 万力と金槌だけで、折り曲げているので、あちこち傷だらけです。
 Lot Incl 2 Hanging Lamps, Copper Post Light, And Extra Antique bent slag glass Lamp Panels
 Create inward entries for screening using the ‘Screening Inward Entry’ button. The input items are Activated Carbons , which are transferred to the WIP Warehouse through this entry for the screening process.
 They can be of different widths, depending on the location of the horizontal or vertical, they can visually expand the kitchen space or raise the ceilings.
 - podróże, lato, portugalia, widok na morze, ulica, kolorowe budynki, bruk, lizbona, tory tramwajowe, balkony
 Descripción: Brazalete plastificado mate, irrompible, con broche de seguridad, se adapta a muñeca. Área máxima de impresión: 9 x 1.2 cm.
--
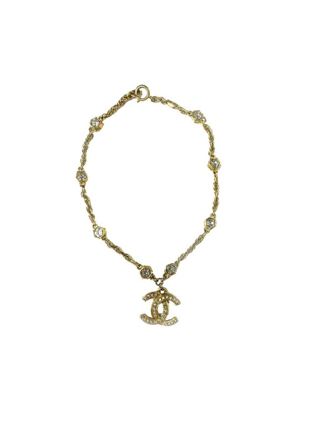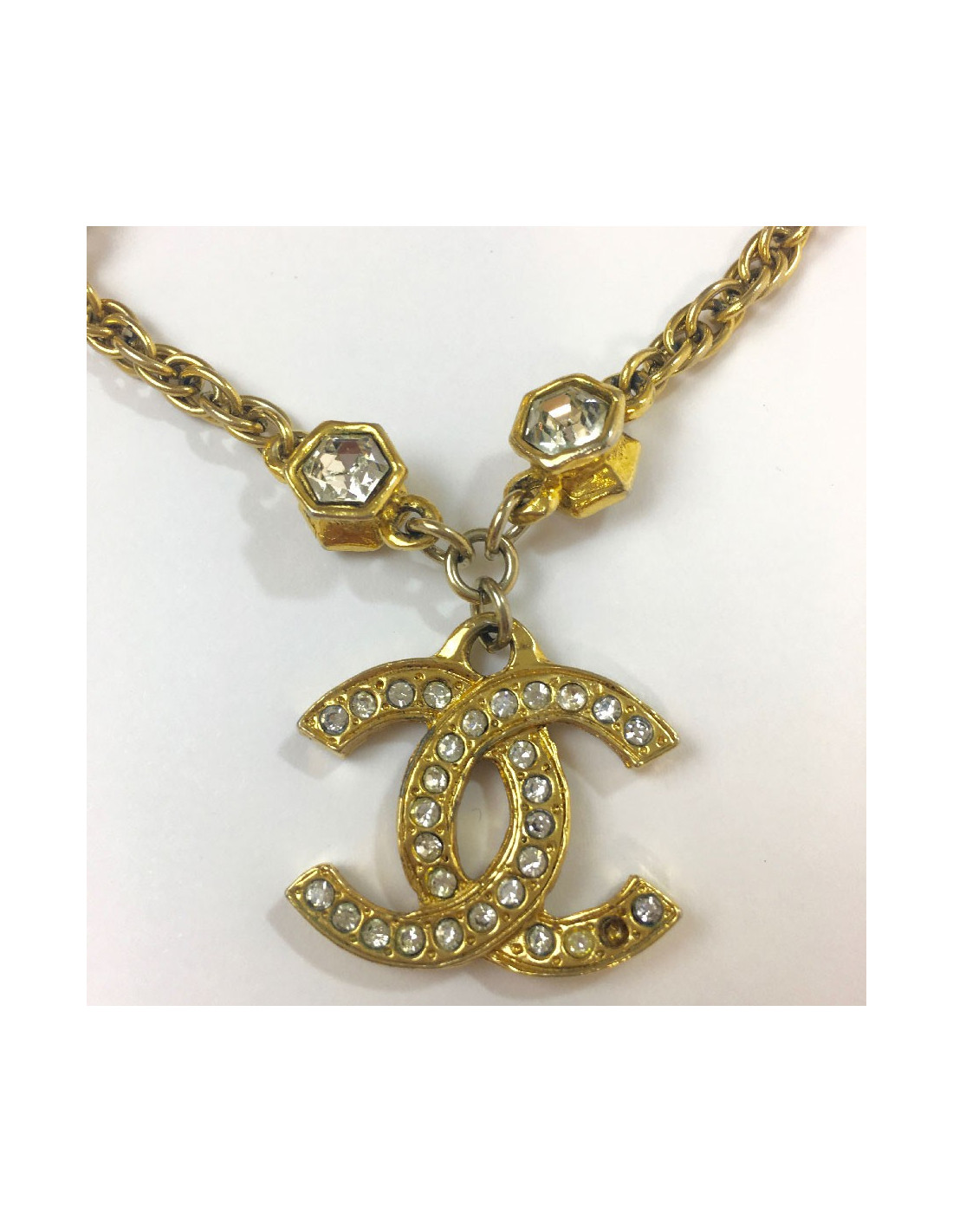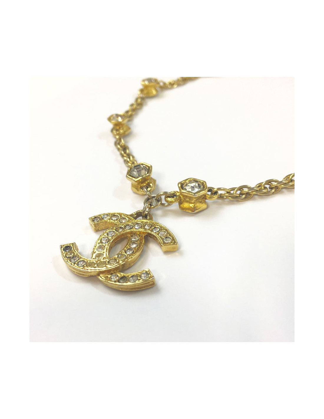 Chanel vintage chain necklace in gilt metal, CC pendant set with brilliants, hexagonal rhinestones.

EXERCISE DIRECTIONS: In the entries above, find the line holding "They can be" and the line holding "Descripción: Brazalete plastificado"; print both of them and every line between, exactly, and nothing else.

ANSWER:
 They can be of different widths, depending on the location of the horizontal or vertical, they can visually expand the kitchen space or raise the ceilings.
 - podróże, lato, portugalia, widok na morze, ulica, kolorowe budynki, bruk, lizbona, tory tramwajowe, balkony
 Descripción: Brazalete plastificado mate, irrompible, con broche de seguridad, se adapta a muñeca. Área máxima de impresión: 9 x 1.2 cm.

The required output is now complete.